PRESS RELEASE

EPA Attempts to Sugarcoat Toxic Sewage Sludge

Tags: , , ,

FOR IMMEDIATE RELEASE
Thursday, August 14, 2025
Contact:
Kyla Bennett (508) 230-9933 [email protected]
Laura Dumais (202) 792-1277 [email protected]


 

EPA Attempts to Sugarcoat Toxic Sewage Sludge

PFAS-Laden Biosolid Fertilizers Pose a Clear Public Health Threat

 

Washington, DC Despite finding adverse human health effects from even miniscule amounts of per- and polyfluoroalkyl substances (PFAS) in biosolid fertilizer applications, the U.S. Environmental Protection Agency’s (EPA) latest draft risk assessment ducks key issues and plays methodological games, according to comments filed by Public Employees for Environmental Responsibility (PEER) and the plaintiffs PEER represents in a lawsuit against EPA for failing to regulate PFAS in sewage sludge.

PFAS in biosolid fertilizers have caused monumental harm to farms, dairies, and ranches across the country. Nearly 20% of U.S. agricultural land is estimated to use sludge-based fertilizers and as many as 70 million acres of farmland may be contaminated by PFAS. Because of PFAS contamination, the practice of applying sewage sludge as fertilizers is banned in Maine and Connecticut and is facing restrictions in other states.

The draft assessment purports to reflect the agency’s latest scientific understanding of the risks to human health caused by PFAS in sewage sludge used as fertilizer. In this draft assessment, EPA found that a single application of sewage sludge containing as little as 1 part per billion (ppb) of two of the most pervasive PFAS results in significant human health risks. EPA concluded that “draft risk estimates exceed the agency’s acceptable human health risk thresholds for some pasture farm, food crop farm, and reclamation scenarios.”

Yet EPA acknowledges even that finding is an understatement, because the assumptions used to make the determination are exceedingly unrealistic.
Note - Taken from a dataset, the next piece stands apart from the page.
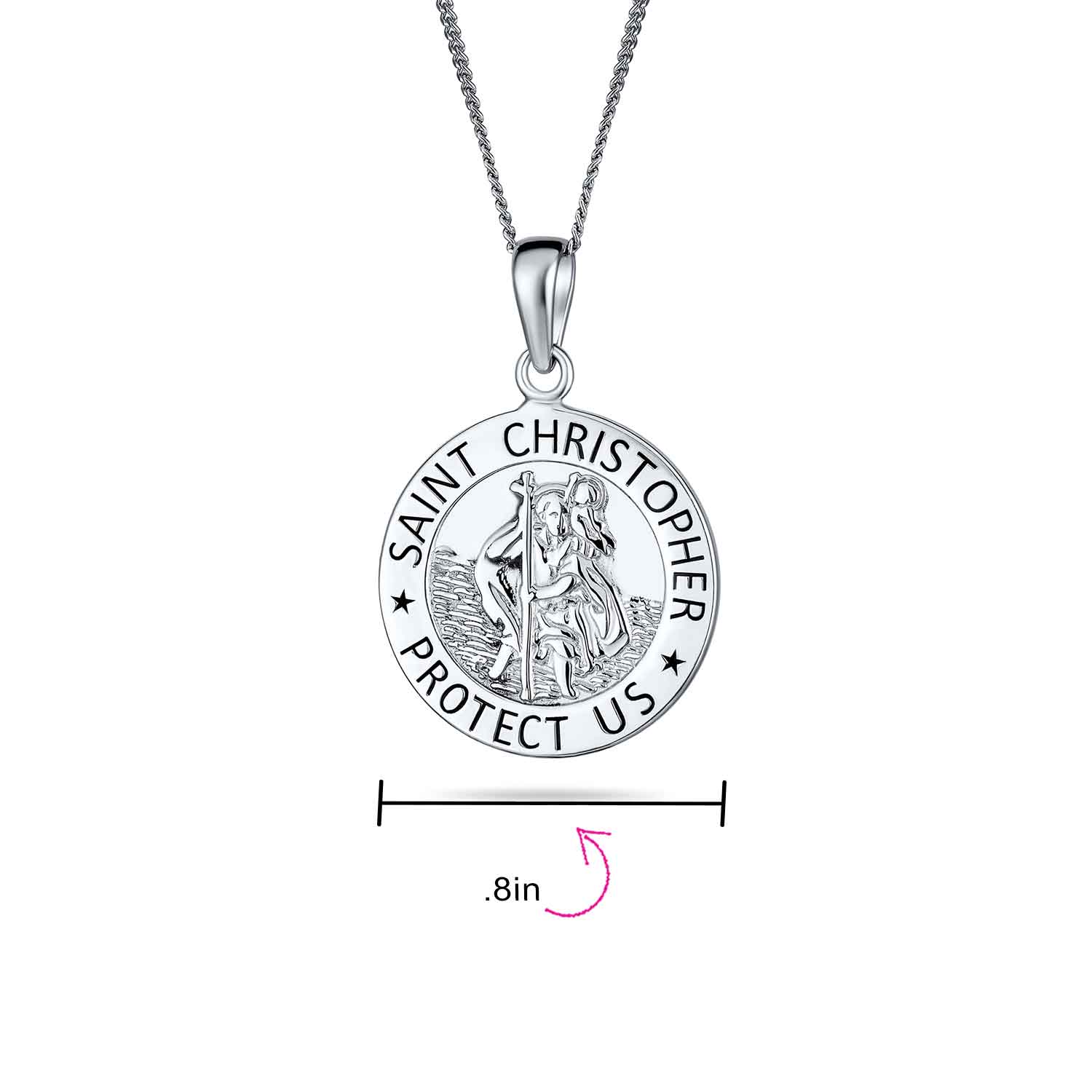 - This protective amulet is ideal for world travelers. Saint Christopher, patron saint of travels, is depicted with Jesus on his shoulder. The border reads "Saint Christopher Protect Us" with seven stars below. Catholic religious medal pendants honor patron saints and inspire devotion. Perfect gift for frequent travelers or those with mobile professions. Ideal for Christmas and Easter jewelry gifts. Made from .925 Sterling Silver, ensuring high quality. Comes with a 16-inch curb chain.

For example, the draft assessment assumes that –

  • No one lives on a PFAS-contaminated farm for more than ten years;
  • Each farm would receive only a single application of biosolid fertilizer; and
  • The farming family would consume only one PFAS-contaminated product (chicken eggs) and would not ingest any other contaminated items from the farm, such as meat, milk, plants, drinking water, or dust from soil.

“EPA must fix the glaring flaws in its draft risk assessment and finally regulate PFAS in sewage sludge. It should not take EPA decades to catch up to the consensus of the scientific community: that PFAS in biosolids are permanently poisoning our farmland and devastating the health of farming families,” stated PEER Science Policy Director Kyla Bennett, a scientist and attorney formerly with EPA.
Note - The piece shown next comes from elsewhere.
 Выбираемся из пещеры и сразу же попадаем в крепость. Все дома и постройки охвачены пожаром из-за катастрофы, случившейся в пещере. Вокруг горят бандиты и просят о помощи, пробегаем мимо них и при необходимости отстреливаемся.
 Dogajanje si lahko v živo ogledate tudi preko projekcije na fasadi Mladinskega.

PEER is representing ranching families from Texas, their County (Johnson County, Texas), the Maine Organic Farmers and Gardeners Association, and the Potomac Riverkeeper Network in a lawsuit against EPA for failing to implement nearly 40-year-old Clean Water Act requirements to identify toxic pollutants in biosolids and adopt regulations to prevent harm to human health and the environment. This draft risk assessment will inform EPA’s potential future regulatory actions under the Clean Water Act.

“EPA’s inaction on PFAS in sludge-based fertilizers increasingly puts American food security at risk,” added PEER Staff Counsel Laura Dumais, who filed the biosolids suit. “EPA’s dereliction of its duties under the Clean Water Act puts the burden on states to protect their farms, their farming families, and our food supply.”
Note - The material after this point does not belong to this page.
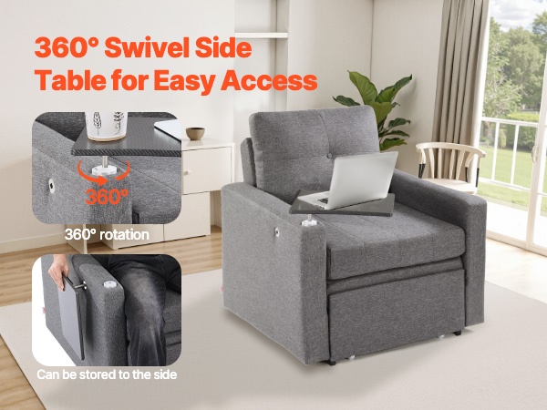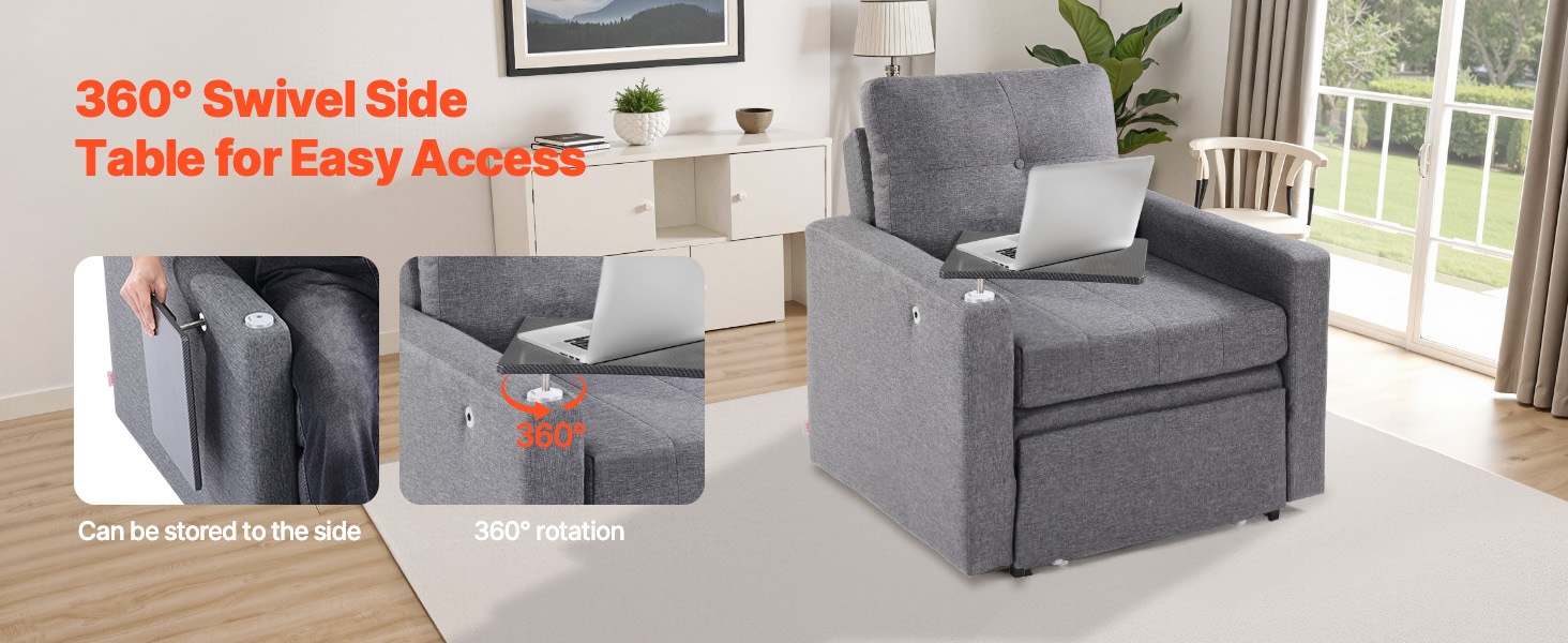 360° kääntyvä pöytätaso sopii kannettavalle tietokoneelle, kirjoittamiseen tai muuhun työskentelyyn ja viihteeseen. Kun pöytää ei tarvita, sen voi siirtää helposti sohvan sivuun, jolloin tila säilyy avarana.

Significantly, EPA’s draft assessment looked at only two types of the several thousand forms of PFAS and ignored mixture effects, even though these mixtures are nearly always found in fertilizer. In addition, EPA did not examine human exposure routes through inhalation and dermal absorption. Human exposure to PFAS is associated with cancer, birth defects, and impaired functioning of the liver, kidneys, and immune system, among other adverse effects.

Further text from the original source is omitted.